## Prompt
For every line in the material, output its text exactly and exclude any image it holds.

## Recorded information

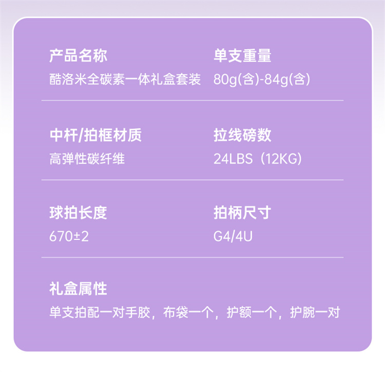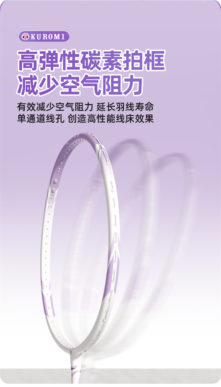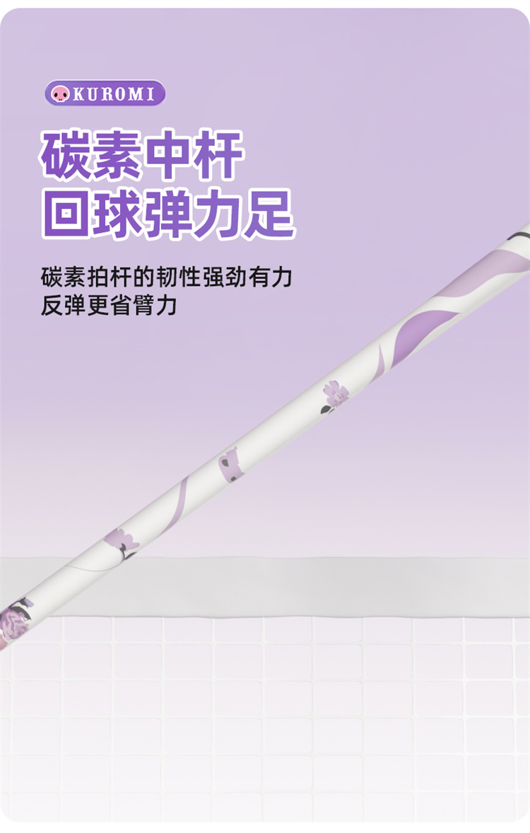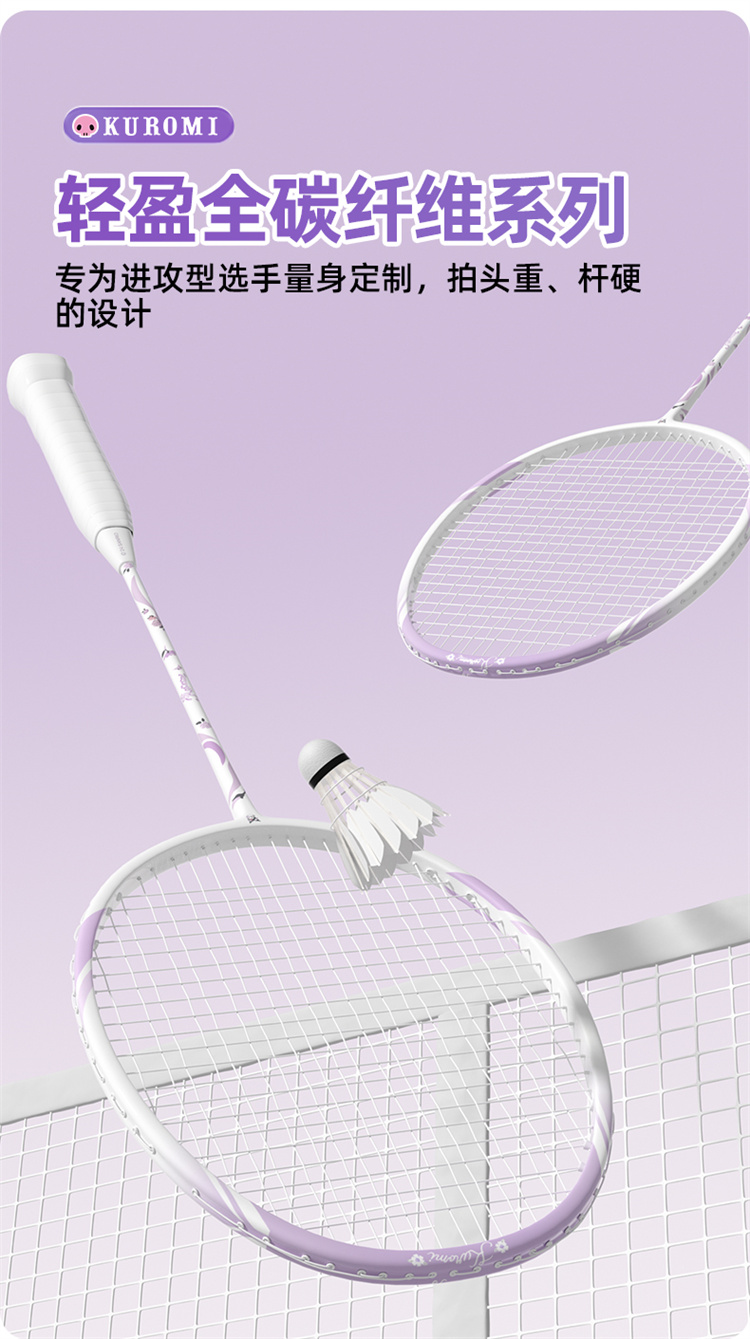 麦斯卡三丽鸥库洛米羽毛球拍成人女生单双拍全碳素纤维超轻拍套装
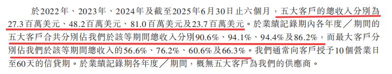 同期,最大单一客户贡献的收入占比分别为56.6%、76.2%、60.6%及66.3%,显示出公司对个别大客户存在较高依赖。
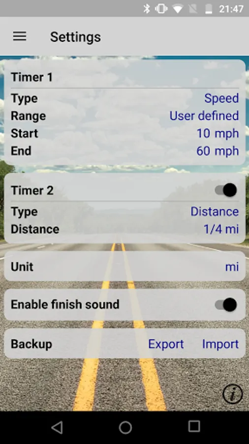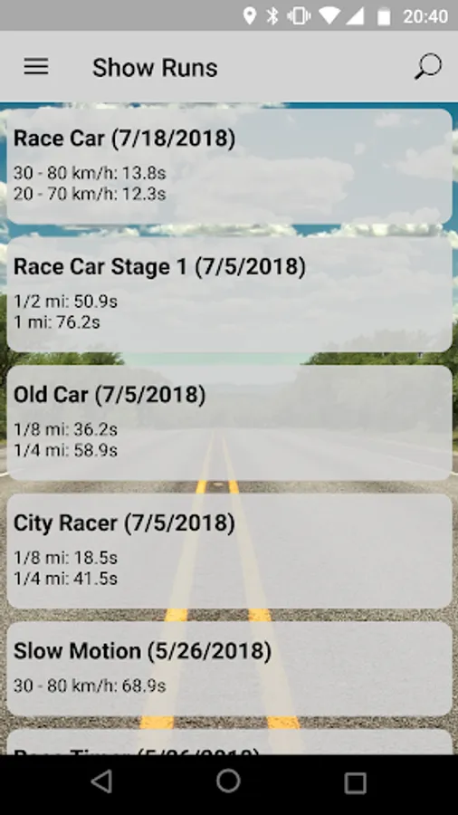 The app supports drag races such as 1/4 mile races or speed-based races such as 100 - 200 km/h and can measure up to two times per race.

## Answer for the task
 麦斯卡三丽鸥库洛米羽毛球拍成人女生单双拍全碳素纤维超轻拍套装
 同期,最大单一客户贡献的收入占比分别为56.6%、76.2%、60.6%及66.3%,显示出公司对个别大客户存在较高依赖。
 The app supports drag races such as 1/4 mile races or speed-based races such as 100 - 200 km/h and can measure up to two times per race.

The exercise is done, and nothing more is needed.